For an example of a free format file see the data available on the web data given url e.g
http://uz.stats/datasets
We can read the a free format data set into Stata using the command
. infile str20 var1 var2 var3 var4 using http://uz.stats/datasets/hhdata.raw
The infile command is followed by the names of the variables. Because the var1 is a string rather
than a numeric variable we precede the name with str20, which sets the type of the variable as a
string of up to 1420 characters. All other variables are numeric, which is the default type.
The keyword using is followed by the name of the file, which can be a file on your computer, a
local network, or the internet. In this example we are reading the file directly off the internet. And
that's all there is to it. For more information on this command type help infile1. To see what we
got we can list a few cases
. list in 1/3
Fixed Format (e.g from CSPRO)
Survey data often come in fixed format, with one or more records per case and each variable in a
fixed position in each record.

The simplest way to read fixed-format data is using the infix command to specify the columns
where each variable is located. As it happens, the effort data are neatly lined up in columns, so we
could read them as follows:
infix str var1 2-19 var2 20-24 var3 25-29 var4 30-40 using http://uz.stats/datasets/hhdata.raw, clear
This says to read the variable1 from columns 2-19, var2 from columns 20-24, and so on. It is, of
course, essential to read the correct columns. We specified that variable 1 was a string variable
but didn't have to specify the width, which was clear from the fact that the data are in columns 2-
19. The clear option is used to overwrite the existing dataset in memory.
If you have a large number of variables you should consider typing the names and locations on a
separate file, called a dictionary, which you can then call from the infix command.
The infile command can also be used with fixed-format data and a dictionary. This is a very
powerful command that gives you a number of options not available with infix; for example it
lets you define variable labels right in the dictionary, but the syntax is a bit more complicated.
In most cases you will find that you can read free-format data using infile and fixed-format data
using infix.
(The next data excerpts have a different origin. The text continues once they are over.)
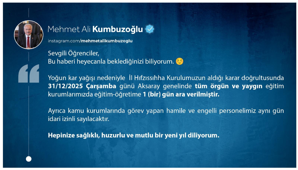 Kararı duyuran Aksaray Valisi Mehmet Ali Kumbuzoğlu, sosyal medya hesabından yaptığı paylaşımda, “Bu haberi heyecanla beklediğinizi biliyorum” ifadelerine yer vererek öğrencilere yeni yıl için sağlık, huzur ve mutluluk dileklerini iletti.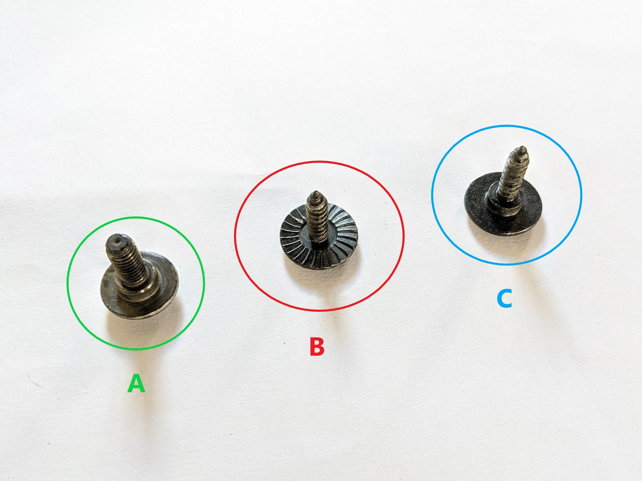 When installing the mounting brackets later, we will need to reuse (4) B screws (shown in red), and (2) C screws (shown in blue on the right.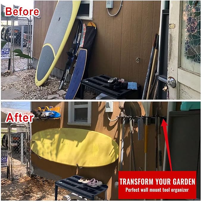 - DURABLE RAILS & RUBBER-COATED HOOKS: This garden tool organizer has 6 hooks, each 10 inches long. The hooks are wrapped in rubber to protect your tools from sliding and getting damaged. Rubber-coated sleeves prevent your tools from getting scratched or slipping.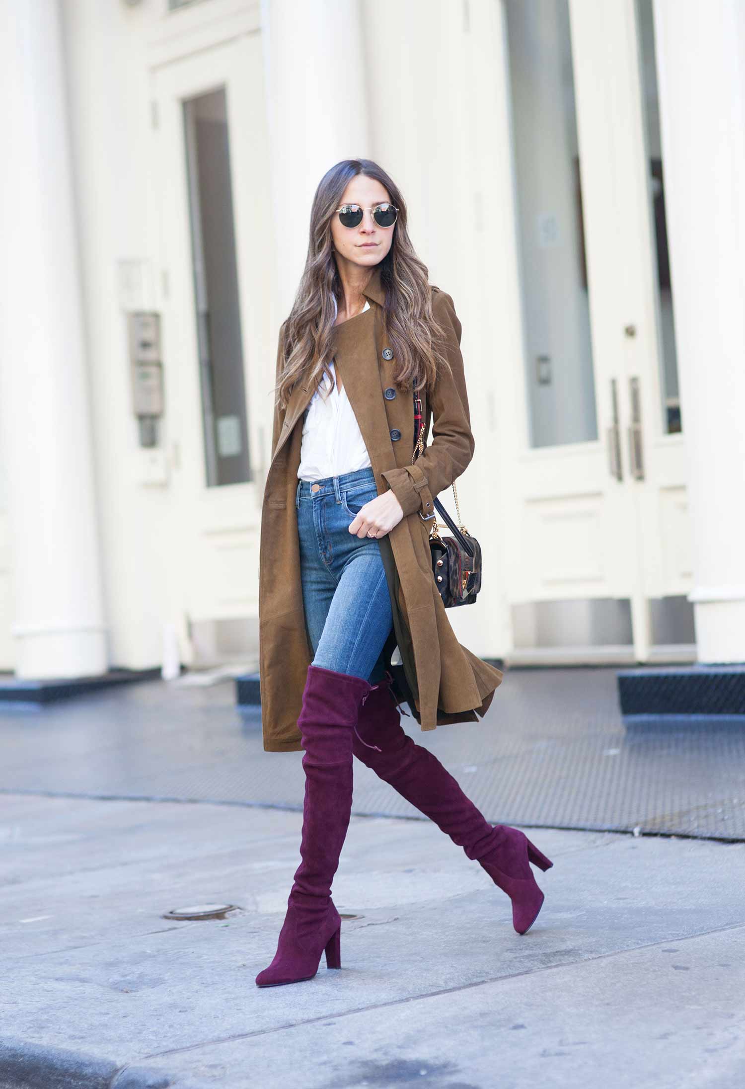 С чем и как носить бежевые и светло-бежевые замшевые сапоги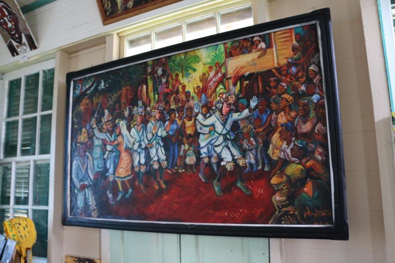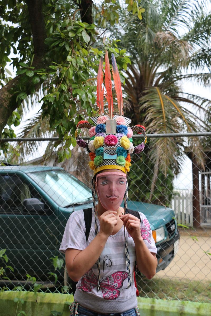 Bu sanat atölyesinde zaman zaman yerel festivallerde kullandıkları maskeler de sergileniyor. Bu maske Orta Amerika’ya gelen Avrupalı beyaz adam ile dalga geçmek için kullanılıyormuş.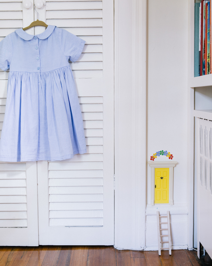 On fairy doors: I bought Veda a fairy door as a gift. It doesn’t open, but sometimes at night a fairy (I named her Ivy Oakbrier!) will “come through” the door and leave behind handwritten notes, trinkets or tiny glitter footprints. In return, Veda will put out pictures, notes and elaborate set-ups for the fairy to play in. It’s fun to see her sense of wonderment, and it’s also a great learning tool. If her room hasn’t been cleaned up for days in a row, the fairy will gently mention that she would have liked to have visited but couldn’t get past the mess!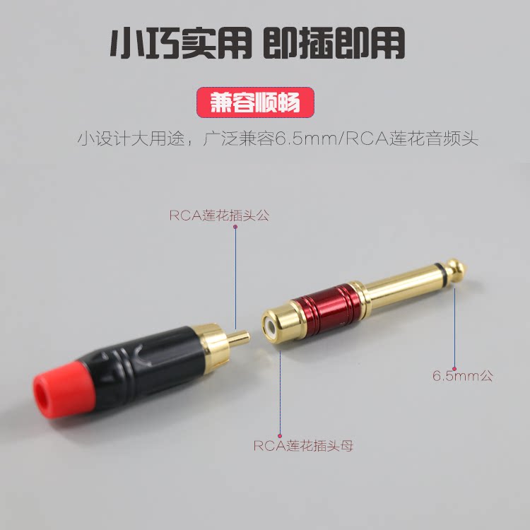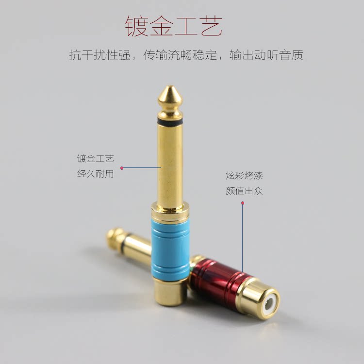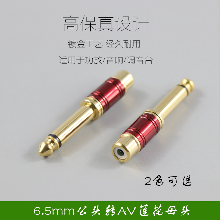 全金属6.5转莲花头 调音台音频转换头 6.5mm插头转AV口 转接头
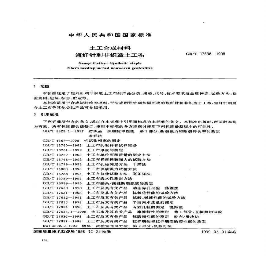 GB T17638-1998土工织物标准资料下载,喜欢的朋友可以下载收藏!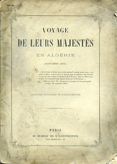 In-4°, pp. 46, brossura editoriale con titolo entro filetto con fregi accantonati. Vignetta xilografica al piatto di tergo. Illustrazioni xilografiche f.t., anche ripiegate o su doppia pagina, tratte da 'L'Illustration', raffiguranti paesaggi, tipi umani e costumi algerini e la visita di Napoleone III e dell'Imperatrice Eugenia in Algeria; le incisioni sono da invenzione di Steyer, Raoult, Letuaire, Crapelet, Galetti, Janet-Lange, Blanchard, Worms, Godefroy Durand, Grandsire, Rouargue, Anasti, Provost, Gaildreau, Best, Fessart. Ombre alla brossura. Discreto esemplare in barbe. Anonimo resoconto dei tre giorni di viaggio di Napoleone III e della consorte nella colonia francese, con descrizione delle feste organizzate ad Algeri, degli archi di trionfo eretti per l'occasione, dei banchetti che furono indetti e dei discorsi che furono pronunziati dalle autorità locali. Contemporaneamente venne stampata dell'opera una più ampia edizione in-4° grande.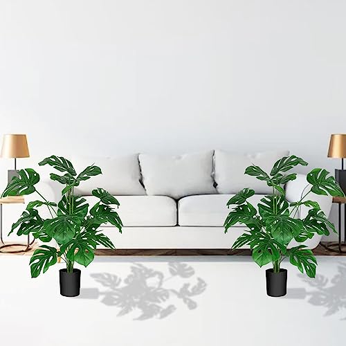 koretech - 2 Pack Artificial Trees 28 Inch Faux Monstera Deliciosa Plant Fake Monstera Tree for Home Office Decor

For more information on the trade-offs see help infiling.
Data can also be typed directly into Stata using the input command, see help input, or using the
built-in Stata data editor available through Data|Data editor on the menu system.
Data Label and Notes
Stata lets you label your dataset using the label data command followed by a label of up to 80
characters (244 in Stata SE). You can also add notes of up to ~64K characters each using the
notes command followed by a colon and then the text:
. label data "Household Data"

. notes: Food and Nutrition Security Data set for farmers in Mberengwa District
Users of the data can type notes to see your annotation. Documenting your data carefully always
pays off.
Variable Labels and Notes
You can (and should) label your variables using the label variable command followed by the
name of the variable and a label of up to 80 characters enclosed in quotes. With the infile
command you can add these labels to the dictionary, which is a natural home for them. Otherwise
you should prepare a do file with all the labels. Here's how to define labels for the three variables
in our dataset:
. label variable var1 " First name of RESPONDENT"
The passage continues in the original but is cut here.